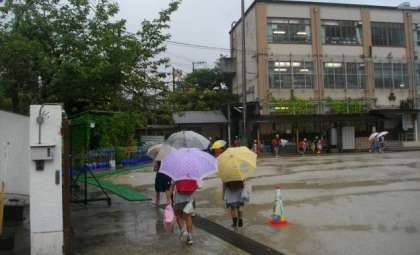 雨が降っています。子どもたちが元気よく登校してきました。
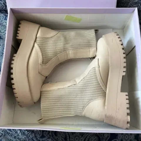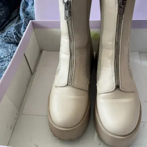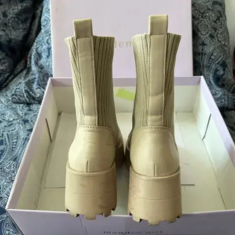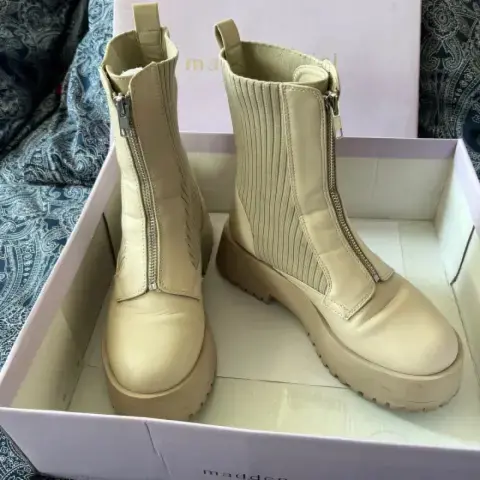 Botas Claras Madden Girl.. Color claro, poco uso, muy cómodas 3.5. Los cierres funcionan perfectamente bien y no se bajan al andar.
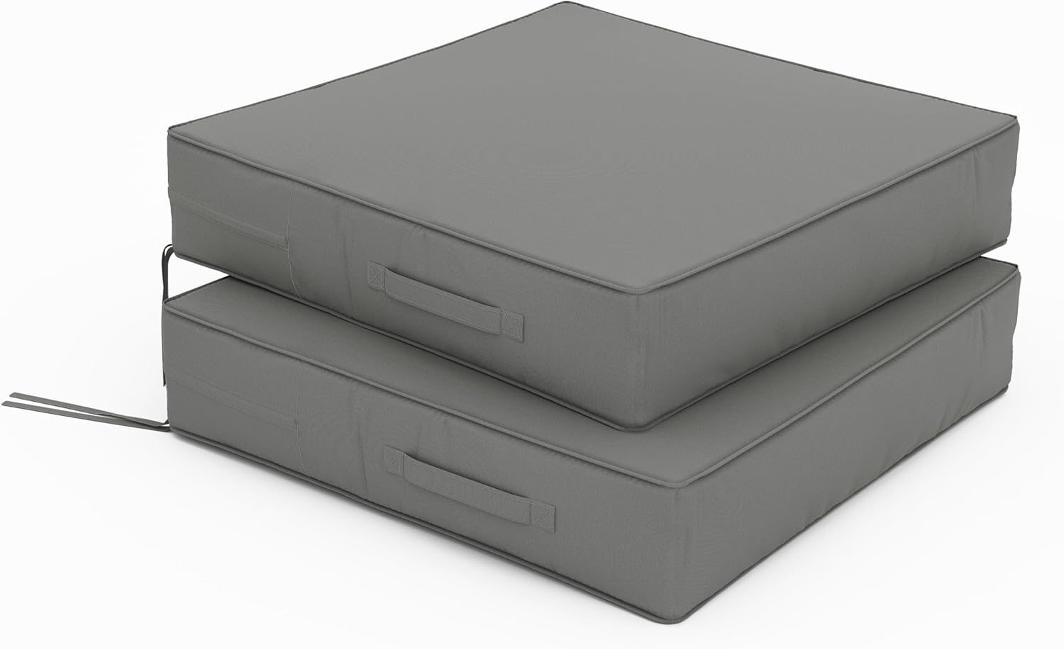 Patio Chair Cushions 24 X 24 X 5 Inch Waterproof Outdoor Seat Cushions for Patio Furniture, Outdoor Sofa Couch Pads with Ties & Handle, Set of 2, Light Grey
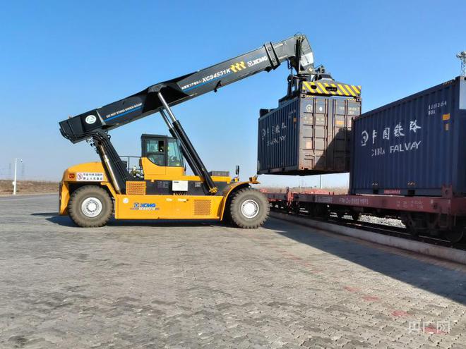 滿載貨物的集裝箱被放上貨物列車(央廣網(wǎng)發(fā) 索鎮(zhèn) 攝)
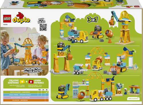 Laat kleine bouwvakkers kennismaken met het 3-in-1 bouwplaats en voertuigen (10476) speelgoed, waar het bouwplezier nooit ophoudt! Kinderen vanaf 3 jaar kunnen zich helemaal uitleven op een drukke bouwplaats, terwijl ze vrachtwagens laden en lossen, rotsb
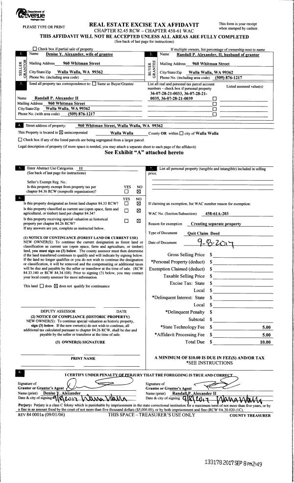 | 2 | 09/08/2017 | QCD | QUIT CLAIM DEED | ALEXANDER DENISE Y | ALEXANDER RANDALL P II | | 3-PARCELS | | 133178 | 2017-07063 |
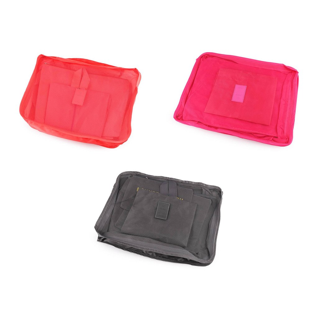 Das Set aus 7 Koffern ist aus festem Material gefertigt. Es ist nicht nur für Reisen praktisch. Die Koffer haben viele interessante Funktionen . Sie helfen dabei, Unterwäsche, Kleidung und andere Dinge systematisch zu sortieren. Dank ihnen können Sie Dinge bequem und übersichtlich in einem Koffer, Rucksack und Schrank verstauen. Sie werden sowohl von Reisenden als auch von Schülern in Internaten und Wohnheimen geschätzt. Das Set besteht aus 3 geräumigen Textiltaschen mit Netz und Tragegriff mit Reißverschluss, 3 Flachtaschen , die ebenfalls mit Reißverschluss schließen und 1 Hängetasche , die in der Mitte mit Reißverschluss schließt. Die Maße der geräumigen Koffer betragen: 30 x 40 x 12 cm, 28 x 31 x 11 cm und 20 x 30 x 11 cm. Die Maße der flachen Etuis betragen: 25 x 34 cm, 23 x 27 cm und 15 x 24 cm. Sie verfügen über einen Aufdruck auf der Vorderseite. Die Maße der Hängetasche betragen 22 x 35 cm. Sie eignet sich zum Beispiel zur Aufbewahrung von Schuhen.
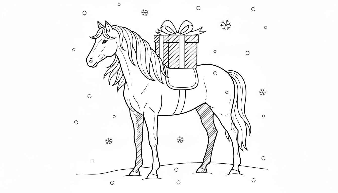 Een Magische Winterse Rit: Kleurplaat van een Paard met Cadeau
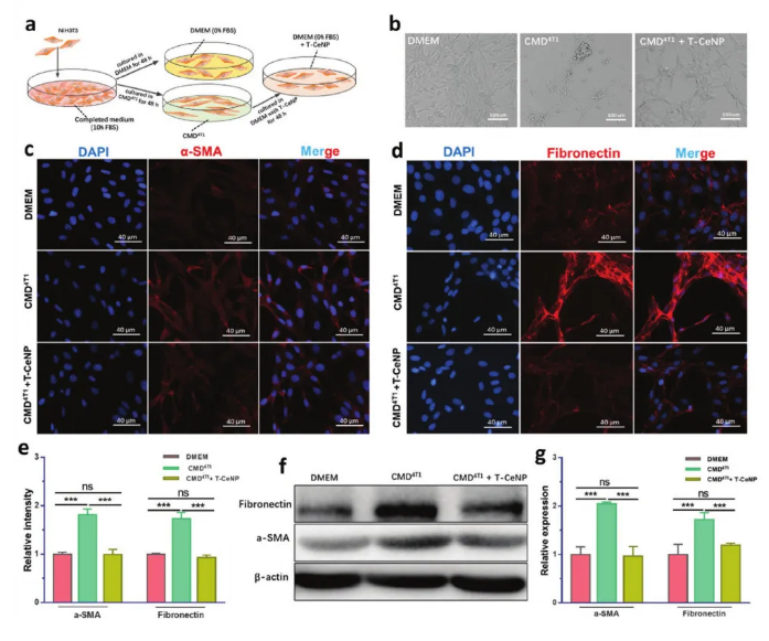 (2)隨后,T - CeNP有效地阻止了與癌癥相關(guān)的成纖維細(xì)胞轉(zhuǎn)分化,并將其重新編程成正常的成纖維細(xì)胞。
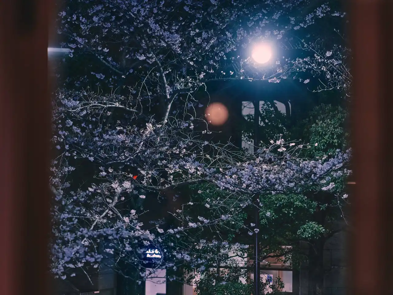 窓からの景色(夜桜) |
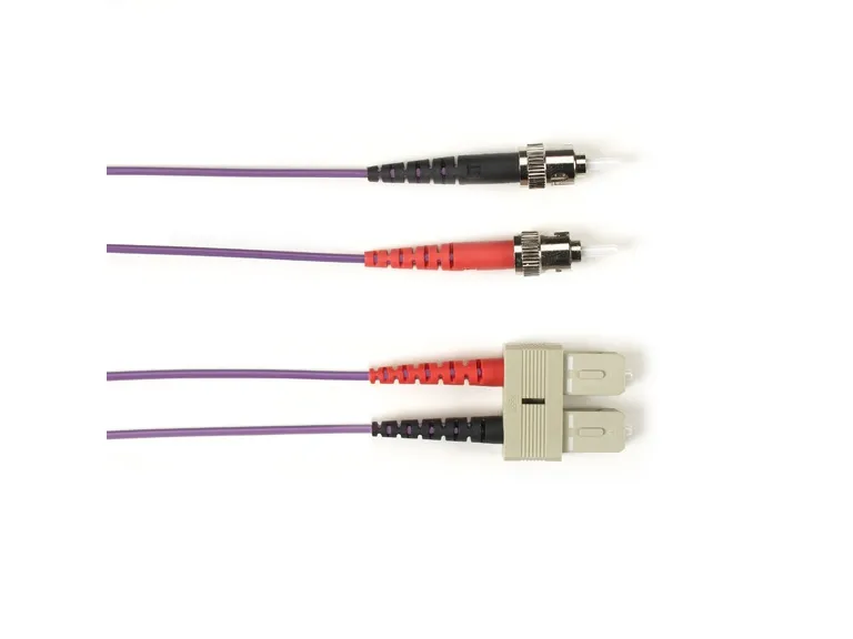 - Well suited for using in aircraft, ships, and construction areas. - OM1, OM2, and OM3 multimode plus single-mode cables are also available. - Get the connectors you want: ST, SC, LC, and MT-RJ in 10 different combinations. - Choose from 12 different colors. - Select from 13 lengths ranging from 1 to 30 meters. - Get high performance at data rates up to 1 Gbps at 850 nm. - Higher data aggregation in the backbone, riser, and high-speed parallel interconnects (HSPIs). - Full compatibility with a broad range of laser-based and legacy protocols and applications.

Task instructions: The records above are to be repeated exactly, apart from their pictures.

Written response:
 雨が降っています。子どもたちが元気よく登校してきました。
 Botas Claras Madden Girl.. Color claro, poco uso, muy cómodas 3.5. Los cierres funcionan perfectamente bien y no se bajan al andar.
 Patio Chair Cushions 24 X 24 X 5 Inch Waterproof Outdoor Seat Cushions for Patio Furniture, Outdoor Sofa Couch Pads with Ties & Handle, Set of 2, Light Grey
 滿載貨物的集裝箱被放上貨物列車(央廣網(wǎng)發(fā) 索鎮(zhèn) 攝)
 Laat kleine bouwvakkers kennismaken met het 3-in-1 bouwplaats en voertuigen (10476) speelgoed, waar het bouwplezier nooit ophoudt! Kinderen vanaf 3 jaar kunnen zich helemaal uitleven op een drukke bouwplaats, terwijl ze vrachtwagens laden en lossen, rotsb
 | 2 | 09/08/2017 | QCD | QUIT CLAIM DEED | ALEXANDER DENISE Y | ALEXANDER RANDALL P II | | 3-PARCELS | | 133178 | 2017-07063 |
 Das Set aus 7 Koffern ist aus festem Material gefertigt. Es ist nicht nur für Reisen praktisch. Die Koffer haben viele interessante Funktionen . Sie helfen dabei, Unterwäsche, Kleidung und andere Dinge systematisch zu sortieren. Dank ihnen können Sie Dinge bequem und übersichtlich in einem Koffer, Rucksack und Schrank verstauen. Sie werden sowohl von Reisenden als auch von Schülern in Internaten und Wohnheimen geschätzt. Das Set besteht aus 3 geräumigen Textiltaschen mit Netz und Tragegriff mit Reißverschluss, 3 Flachtaschen , die ebenfalls mit Reißverschluss schließen und 1 Hängetasche , die in der Mitte mit Reißverschluss schließt. Die Maße der geräumigen Koffer betragen: 30 x 40 x 12 cm, 28 x 31 x 11 cm und 20 x 30 x 11 cm. Die Maße der flachen Etuis betragen: 25 x 34 cm, 23 x 27 cm und 15 x 24 cm. Sie verfügen über einen Aufdruck auf der Vorderseite. Die Maße der Hängetasche betragen 22 x 35 cm. Sie eignet sich zum Beispiel zur Aufbewahrung von Schuhen.
 Een Magische Winterse Rit: Kleurplaat van een Paard met Cadeau
 (2)隨后,T - CeNP有效地阻止了與癌癥相關(guān)的成纖維細(xì)胞轉(zhuǎn)分化,并將其重新編程成正常的成纖維細(xì)胞。
 窓からの景色(夜桜) |
 - Well suited for using in aircraft, ships, and construction areas. - OM1, OM2, and OM3 multimode plus single-mode cables are also available. - Get the connectors you want: ST, SC, LC, and MT-RJ in 10 different combinations. - Choose from 12 different colors. - Select from 13 lengths ranging from 1 to 30 meters. - Get high performance at data rates up to 1 Gbps at 850 nm. - Higher data aggregation in the backbone, riser, and high-speed parallel interconnects (HSPIs). - Full compatibility with a broad range of laser-based and legacy protocols and applications.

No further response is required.